PySpark Advanced Concepts

  1. What is a broadcast variable in PySpark?
    A read-only variable distributed to all nodes.

  2. What is an accumulator in PySpark?
    A variable used for aggregating information across tasks.

  3. What is a shared variable in PySpark?
    Variables like broadcast and accumulators used for sharing data between tasks.

  4. What is the difference between repartition() and coalesce()?

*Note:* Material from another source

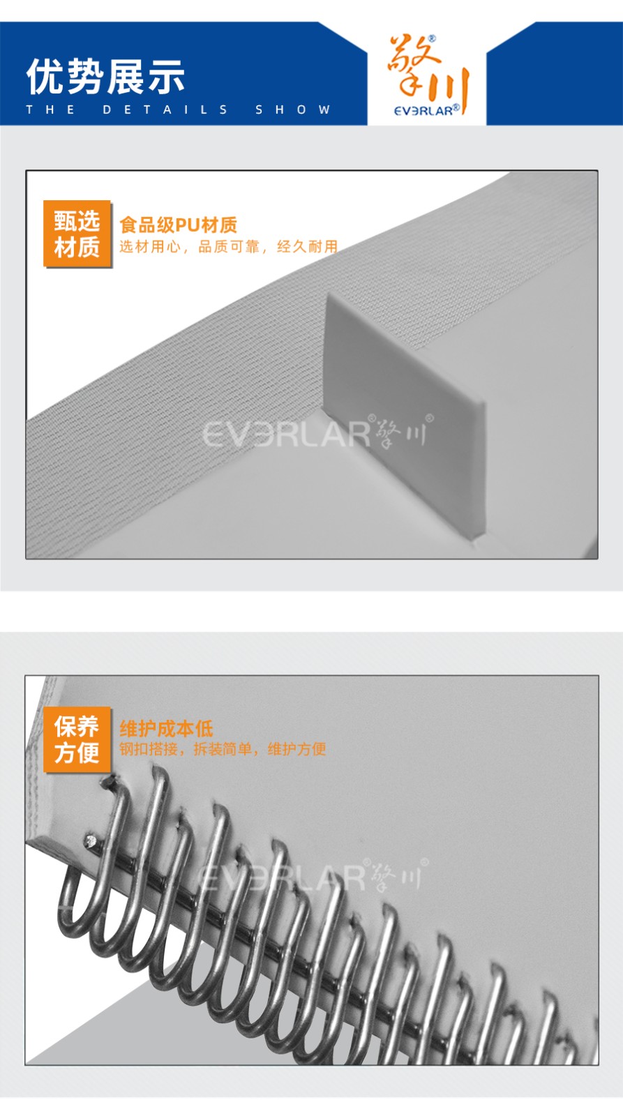 產(chǎn)品名稱:白色PU輸送帶加擋板打鋼扣

    • repartition(): Increases or decreases partitions.
    • coalesce(): Decreases partitions without shuffling.
  5. What are PySpark’s common file formats?
    CSV, JSON, Parquet, ORC, Avro.

Scenario-Based Questions

  1. How do you debug PySpark applications?

    • Use logs and Spark UI.
    • Run in local mode for debugging.
  2. How do you integrate PySpark with Kafka?
    Use structured-streaming-kafka for consuming Kafka streams.

  3. How do you process large datasets in PySpark?

    • Optimize partitions.
    • Use caching and serialization techniques.
  4. What happens if an executor fails in PySpark?
    Spark re-executes the tasks on other executors using RDD lineage.

  5. How do you deploy PySpark applications?
    Package the application and submit it using spark-submit.